Hannah’s since become very savvy about Alzheimer’s. But it’s one thing to know about Al and a whole other experience to live with the changes he’s created. I wasn’t sure how she’d cope.
I’m happy to report we all survived. The actual time in the car, though long, turned out well with Hannah and Grandpa Joe switching time as co-pilot. In fact, she was a big help to me in many ways, especially keeping us on course by interpreting the car’s navigation system.
I still don’t understand how kids today are so adept at all this. It’s like they come out of the womb preprogrammed for it. When I was a kid traveling with my parents the most important thing was to be sure I didn’t throw-up in the car. Sometimes I didn’t even succeed at that.
I think Hannah would agree that Al truly complicates travel. Getting from place to place and things like ordering food just take longer. I’d look at her and we’d smile as Grandpa Joe grappled with choices. She seemed okay with our slower pace, showing little reaction other than an occasional look of dismay when she realized she’d gotten half a block ahead of us.
We stopped one night in Las Vegas. I knew there wouldn’t be much there for someone Hannah’s age but I wanted her to see all the glitz. We unfortunately became part of the summer crush, the whole town packed in like sardines. Maybe it’s the ten years of Girl Scouts training she’s had but she was a trooper guiding Grandpa Joe through it. Even without Al tagging along it would have been overwhelming for anyone with a handicap.
That was emphasized again on our trip to the Grand Canyon…yes the Grand Canyon. I know I said no travel log, but I have to say how truly awesome it was seeing it for the first time. I would also tell you if you are in a wheelchair you better bring lots of friends. After pushing Grandpa Joe halfway around the South Rim we were both exhausted (me more than her). At one point, sitting on a very hot and over-crowded shuttle bus, I feared we might have stumbled into one of the “Griswold” family outings.

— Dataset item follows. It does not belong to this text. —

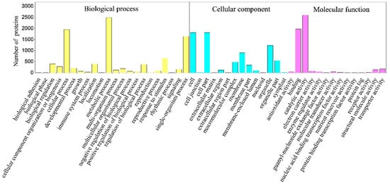 Functional annotations of the proteins were conducted using the Blast2GO program against the non-redundant protein database (NR; NCBI: http://www.geneontology.org/). The Cluster of Orthologous Groups of proteins (COG) is a database of direct homologous classification of proteins and was used to predict the possible function of the identified proteins. KEGG (Available online: http://www.genome.jp/kegg/) is a fundamental public database related to biochemical pathways []. It was utilized to determine the main biochemical metabolic pathways and signal transduction pathways associated with the identified proteins.

There were many things on our trip that Hannah might have enjoyed more with people her own age. I’m sure there were times we seemed tediously humdrum (after all we are senior citizens). But I think she knows how truly grateful we are for the time she shared with us.
Hannah has now flown off to California to visit her newly-wed brother and sister-in-law where there will be excitement filled days and late nights, kind of the yin and yang, a compliment for forces completing the wholeness of her trip.
I already miss her. I just hope that in her life our “Al” is the only “Al” she ever spends time with.